Or, to give more weight to fold-changes in the gene ranking, one might use:
fit <- treat(fit, lfc=log2(1.2))
topTreat(fit, coef=ncol(design))
## logFC AveExpr t P.Value adj.P.Val
## 79727 -7.967585 6.885753 -92.45334 4.136977e-08 2.500193e-05
## 10485 7.716040 6.759981 87.65236 5.144712e-08 2.500193e-05
## 51440 7.742719 8.076993 86.85248 5.346975e-08 2.500193e-05
## 3765 7.837163 6.820542 79.50812 7.733537e-08 2.500193e-05
## 127254 6.619733 6.211827 75.74582 9.257224e-08 2.500193e-05
## 477 6.702730 10.097521 71.87338 1.153532e-07 2.500193e-05
## 26052 7.525391 8.067417 72.03942 1.159934e-07 2.500193e-05
## 7143 6.078910 5.941416 67.16788 1.507634e-07 2.500193e-05
## 3208 6.857143 7.426971 67.07065 1.542778e-07 2.500193e-05
## 777 5.920557 6.272886 65.76432 1.639550e-07 2.500193e-05
The function treat() tests if the absolute log fold change is greater than the indicated value (log2(1.2)), rather than 0.

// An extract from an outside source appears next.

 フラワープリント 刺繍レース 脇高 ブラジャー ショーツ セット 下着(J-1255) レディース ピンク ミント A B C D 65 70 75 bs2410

15.5 Differential expression: voom
When the library sizes are quite variable between samples, then the voom approach is theoretically more powerful than limma-trend. In this approach, the voom transformation is applied to the normalized and filtered DGEList object:
v <- voom(dge, design, plot=TRUE)
In the plot, each point represents a gene, with the x-axis showing the average expression in log2 counts per million reads and the y-axis showing the square root of the residual standard deviation of expression in log2 counts per million reads.

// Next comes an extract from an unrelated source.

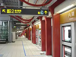 The Taipei Metro Neihu station (Chinese: 內湖站; pinyin: Neìhú Zhàn; Pe̍h-ōe-jī: Lāi-ô͘ Chām) is located in the Neihu District in Taipei, Taiwan. It is a station on Wenhu line.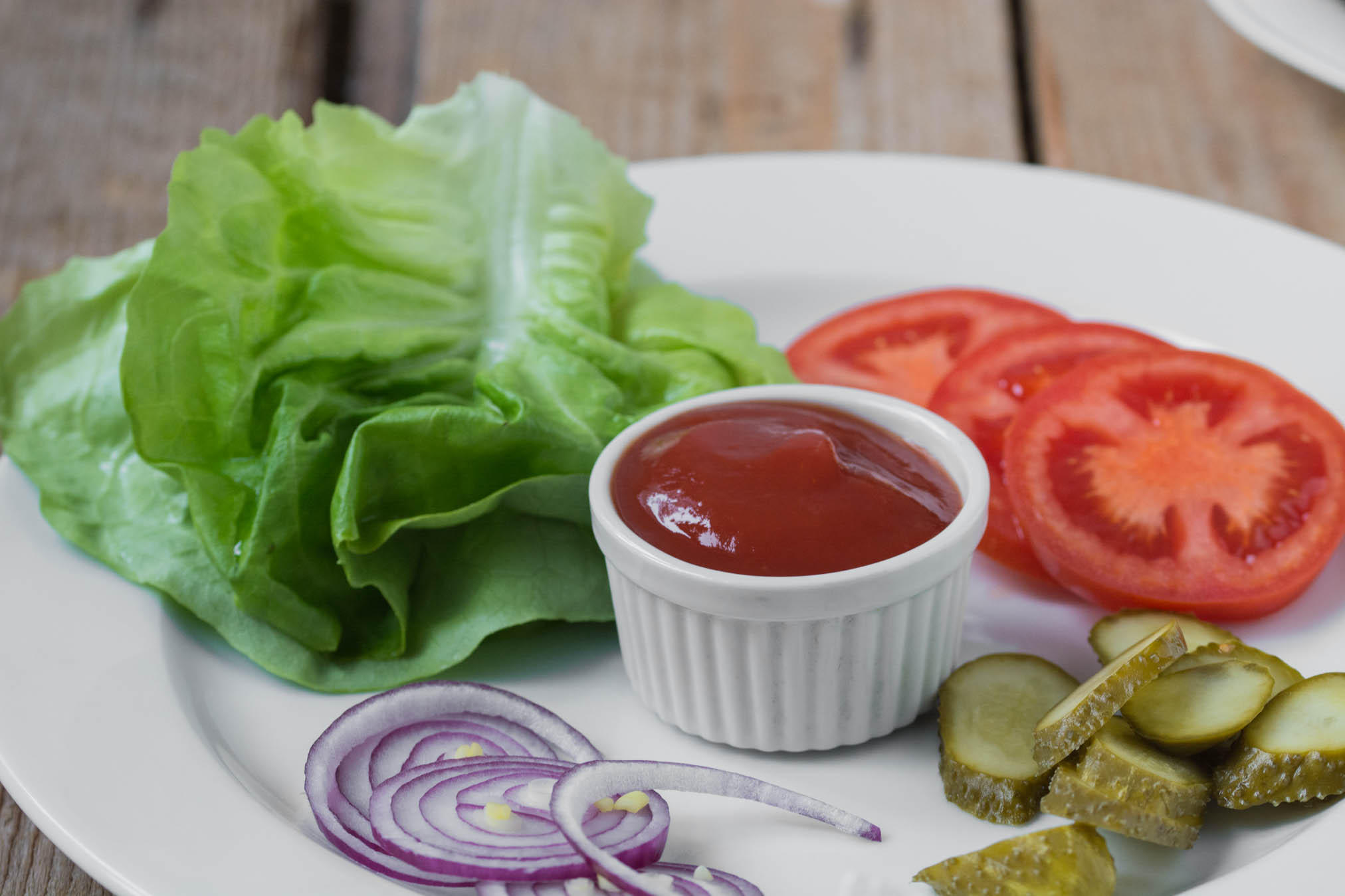7. Asamblarea burgerilor. Am tăiat chiflele în 2 (pe lățime), am adăugat ketchup, câte o chiftea, salată, castraveți murați, rondele de roșie și ceapă roșie.

The voom transformation uses the experiment design matrix, and produces an EList object.
It is also possible to give a matrix of counts directly to voom without TMM normalization, by
v <- voom(counts, design, plot=TRUE)
If the data are very noisy, one can apply the same between-array normalization methods as would be used for microarrays, for example:
v <- voom(counts, design, plot=TRUE, normalize="quantile")
After this, the usual limma pipelines for differential expression can be applied, for example:
fit <- lmFit(v, design)
fit <- eBayes(fit)
## Warning: Zero sample variances detected, have been offset away from zero
topTable(fit, coef=ncol(design))
## logFC AveExpr t P.Value adj.P.Val
## 100507192 -2.929838 3.365092 -1.626574e+16 1.072348e-34 1.207500e-30
## 727721 -1.584963 1.107691 -8.455993e+15 4.228272e-34 1.207500e-30
## 7780 -1.584963 1.107691 -8.455993e+15 4.228272e-34 1.207500e-30
## 100507337 -1.584963 1.107691 -8.455993e+15 4.228272e-34 1.207500e-30
## 100507664 -1.584963 1.107691 -8.455993e+15 4.228272e-34 1.207500e-30
## 270 -1.584963 1.107691 -8.455993e+15 4.228272e-34 1.207500e-30
## 3284 -1.584963 1.107691 -8.455993e+15 4.228272e-34 1.207500e-30
## 728945 -1.584963 1.107691 -8.455993e+15 4.228272e-34 1.207500e-30
## 730227 -1.584963 1.107691 -8.455993e+15 4.228272e-34 1.207500e-30
## 148930 4.122552 2.376486 5.910097e+15 8.962322e-34 2.059773e-30
## B
## 100507192 68.59136
## 727721 66.95172
## 7780 66.95172
## 100507337 66.95172
## 100507664 66.95172
## 270 66.95172
## 3284 66.95172
## 728945 66.95172
## 730227 66.95172
## 148930 65.65863
Or, to give more weight to fold-changes in the ranking, one could use say:
fit <- treat(fit, lfc=log2(1.2))
## Warning: Zero sample variances detected, have been offset away from zero
topTreat(fit, coef=ncol(design))
## logFC AveExpr t P.Value adj.P.Val
## 100507192 -2.929838 3.365092 -1.480544e+16 1.100817e-34 1.320896e-30
## 727721 -1.584963 1.107691 -7.052668e+15 4.625346e-34 1.320896e-30
## 7780 -1.584963 1.107691 -7.052668e+15 4.625346e-34 1.320896e-30
## 100507337 -1.584963 1.107691 -7.052668e+15 4.625346e-34 1.320896e-30
## 100507664 -1.584963 1.107691 -7.052668e+15 4.625346e-34 1.320896e-30
## 270 -1.584963 1.107691 -7.052668e+15 4.625346e-34 1.320896e-30
## 3284 -1.584963 1.107691 -7.052668e+15 4.625346e-34 1.320896e-30
## 728945 -1.584963 1.107691 -7.052668e+15 4.625346e-34 1.320896e-30
## 730227 -1.584963 1.107691 -7.052668e+15 4.625346e-34 1.320896e-30
## 148930 4.122552 2.376486 5.533010e+15 9.081657e-34 2.253205e-30
The biomaRt package provides an R interface to Ensembl databases.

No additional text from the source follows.